Effective Theory of Squeezed Correlation Functions
Mehrdad Mirbabayi, Marko Simonović
TL;DR
The paper develops an effective theory for squeezed-limit correlation functions in quasi-de Sitter inflation by organizing fluctuations into weakly coupled, super-horizon degrees of freedom. It shows that long-wavelength modes act as local backgrounds, enabling a derivative-expansion that yields factorized, power-law squeezed-limit behavior and unifies single-, quasi-single-, and multi-field scenarios; light entropic modes produce calculable consistency relations, while heavy fields $m/H>3/2$ imprint oscillatory, quantum-origin signatures in the squeezed limit. The framework yields model-independent statements about the scaling exponents $\Delta$ and provides unitarity bounds (e.g., on $f_{NL}$ and $\tau_{NL}$) in the multi-field case, as well as practical guidance for observing these signatures in large-scale structure surveys.

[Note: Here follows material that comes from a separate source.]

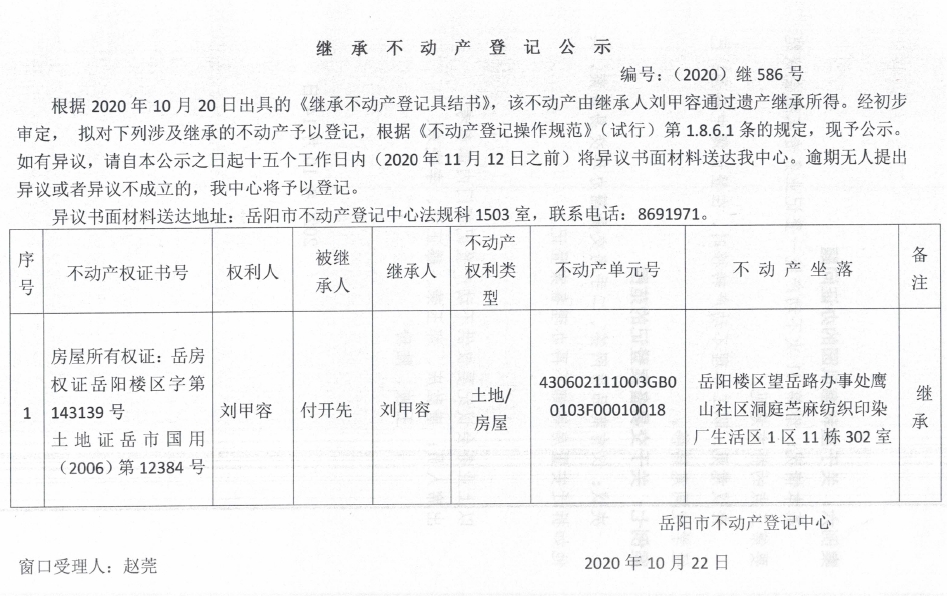 继承(受遗赠)不动产登记公告(刘甲容)
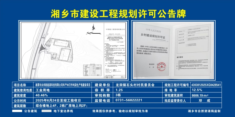 湘鄉市建設工程規劃許可公告牌(湘潭市永邦新能源科技有限公司年產80萬件噸袋生產線建設項目)

It also clarifies when OPE intuition is subleading and how heavy-field versus classical long-mode effects distinguish themselves in observable correlators. Overall, the work offers a universal lens to test quasi-de Sitter dynamics and the field content during inflation with current and future cosmological data.
Abstract
Various inflationary scenarios can often be distinguished from one another by looking at the squeezed limit behavior of correlation functions. Therefore, it is useful to have a framework designed to study this limit in a more systematic and efficient way. We propose using an expansion in terms of weakly coupled super-horizon degrees of freedom, which is argued to generically exist in a near de Sitter space-time. The modes have a simple factorized form which leads to factorization of the squeezed-limit correlation functions with power-law behavior in $k_{\rm long}/k_{\rm short}$. This approach reproduces the known results in single-, quasi-single-, and multi-field inflationary models. However, it is applicable even if, unlike the above examples, the additional degrees of freedom are not weakly coupled at sub-horizon scales. Stronger results are derived in two-field (or sufficiently symmetric multi-field) inflationary models. We discuss the observability of the non-Gaussian 3-point function in the large-scale structure surveys, and argue that the squeezed limit behavior has a higher detectability chance than equilateral behavior when it scales as $(k_{\rm long}/k_{\rm short})^Δ$ with $Δ<1$ -- where local non-Gaussianity corresponds to $Δ=0$.